(Excerpts from a dataset)

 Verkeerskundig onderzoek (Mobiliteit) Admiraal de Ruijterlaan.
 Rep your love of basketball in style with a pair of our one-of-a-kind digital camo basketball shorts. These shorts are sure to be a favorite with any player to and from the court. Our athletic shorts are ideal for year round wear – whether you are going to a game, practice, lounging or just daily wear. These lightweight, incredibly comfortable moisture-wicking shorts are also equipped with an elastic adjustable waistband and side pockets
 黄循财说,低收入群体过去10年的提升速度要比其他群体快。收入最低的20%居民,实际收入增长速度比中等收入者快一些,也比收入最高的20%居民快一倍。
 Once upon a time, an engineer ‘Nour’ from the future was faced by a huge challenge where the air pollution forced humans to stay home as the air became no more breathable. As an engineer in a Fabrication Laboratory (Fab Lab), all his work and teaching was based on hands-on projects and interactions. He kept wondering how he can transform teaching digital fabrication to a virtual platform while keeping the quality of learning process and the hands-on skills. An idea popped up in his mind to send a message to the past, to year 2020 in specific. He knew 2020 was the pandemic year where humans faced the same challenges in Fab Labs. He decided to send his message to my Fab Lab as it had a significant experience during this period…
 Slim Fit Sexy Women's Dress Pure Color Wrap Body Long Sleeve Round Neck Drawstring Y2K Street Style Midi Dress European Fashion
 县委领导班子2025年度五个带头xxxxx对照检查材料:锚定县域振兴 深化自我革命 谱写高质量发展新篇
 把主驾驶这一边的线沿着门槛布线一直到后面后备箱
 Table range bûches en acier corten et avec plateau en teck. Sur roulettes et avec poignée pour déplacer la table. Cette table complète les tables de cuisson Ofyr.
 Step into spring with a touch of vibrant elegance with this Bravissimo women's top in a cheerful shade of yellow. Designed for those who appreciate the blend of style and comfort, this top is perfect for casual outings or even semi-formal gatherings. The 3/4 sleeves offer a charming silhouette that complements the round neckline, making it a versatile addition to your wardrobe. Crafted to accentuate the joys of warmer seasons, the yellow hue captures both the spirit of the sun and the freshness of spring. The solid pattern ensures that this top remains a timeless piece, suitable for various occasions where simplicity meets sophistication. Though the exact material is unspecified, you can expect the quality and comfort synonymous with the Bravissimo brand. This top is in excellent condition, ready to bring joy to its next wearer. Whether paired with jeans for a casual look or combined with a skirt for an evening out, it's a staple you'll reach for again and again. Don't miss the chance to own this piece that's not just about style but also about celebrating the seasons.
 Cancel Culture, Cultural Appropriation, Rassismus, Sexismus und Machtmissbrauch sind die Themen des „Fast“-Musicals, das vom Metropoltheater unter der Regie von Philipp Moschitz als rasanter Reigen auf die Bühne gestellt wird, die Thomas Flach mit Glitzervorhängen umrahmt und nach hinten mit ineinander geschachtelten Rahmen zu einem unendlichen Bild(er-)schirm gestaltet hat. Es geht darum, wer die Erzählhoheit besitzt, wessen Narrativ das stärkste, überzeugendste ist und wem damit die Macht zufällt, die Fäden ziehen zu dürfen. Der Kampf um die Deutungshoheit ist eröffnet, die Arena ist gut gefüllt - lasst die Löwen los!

_Exercise goal_. Copy every line of the records word for word.

_Exercise output_.
 Verkeerskundig onderzoek (Mobiliteit) Admiraal de Ruijterlaan.
 Rep your love of basketball in style with a pair of our one-of-a-kind digital camo basketball shorts. These shorts are sure to be a favorite with any player to and from the court. Our athletic shorts are ideal for year round wear – whether you are going to a game, practice, lounging or just daily wear. These lightweight, incredibly comfortable moisture-wicking shorts are also equipped with an elastic adjustable waistband and side pockets
 黄循财说,低收入群体过去10年的提升速度要比其他群体快。收入最低的20%居民,实际收入增长速度比中等收入者快一些,也比收入最高的20%居民快一倍。
 Once upon a time, an engineer ‘Nour’ from the future was faced by a huge challenge where the air pollution forced humans to stay home as the air became no more breathable. As an engineer in a Fabrication Laboratory (Fab Lab), all his work and teaching was based on hands-on projects and interactions. He kept wondering how he can transform teaching digital fabrication to a virtual platform while keeping the quality of learning process and the hands-on skills. An idea popped up in his mind to send a message to the past, to year 2020 in specific. He knew 2020 was the pandemic year where humans faced the same challenges in Fab Labs. He decided to send his message to my Fab Lab as it had a significant experience during this period…
 Slim Fit Sexy Women's Dress Pure Color Wrap Body Long Sleeve Round Neck Drawstring Y2K Street Style Midi Dress European Fashion
 县委领导班子2025年度五个带头xxxxx对照检查材料:锚定县域振兴 深化自我革命 谱写高质量发展新篇
 把主驾驶这一边的线沿着门槛布线一直到后面后备箱
 Table range bûches en acier corten et avec plateau en teck. Sur roulettes et avec poignée pour déplacer la table. Cette table complète les tables de cuisson Ofyr.
 Step into spring with a touch of vibrant elegance with this Bravissimo women's top in a cheerful shade of yellow. Designed for those who appreciate the blend of style and comfort, this top is perfect for casual outings or even semi-formal gatherings. The 3/4 sleeves offer a charming silhouette that complements the round neckline, making it a versatile addition to your wardrobe. Crafted to accentuate the joys of warmer seasons, the yellow hue captures both the spirit of the sun and the freshness of spring. The solid pattern ensures that this top remains a timeless piece, suitable for various occasions where simplicity meets sophistication. Though the exact material is unspecified, you can expect the quality and comfort synonymous with the Bravissimo brand. This top is in excellent condition, ready to bring joy to its next wearer. Whether paired with jeans for a casual look or combined with a skirt for an evening out, it's a staple you'll reach for again and again. Don't miss the chance to own this piece that's not just about style but also about celebrating the seasons.
 Cancel Culture, Cultural Appropriation, Rassismus, Sexismus und Machtmissbrauch sind die Themen des „Fast“-Musicals, das vom Metropoltheater unter der Regie von Philipp Moschitz als rasanter Reigen auf die Bühne gestellt wird, die Thomas Flach mit Glitzervorhängen umrahmt und nach hinten mit ineinander geschachtelten Rahmen zu einem unendlichen Bild(er-)schirm gestaltet hat. Es geht darum, wer die Erzählhoheit besitzt, wessen Narrativ das stärkste, überzeugendste ist und wem damit die Macht zufällt, die Fäden ziehen zu dürfen. Der Kampf um die Deutungshoheit ist eröffnet, die Arena ist gut gefüllt - lasst die Löwen los!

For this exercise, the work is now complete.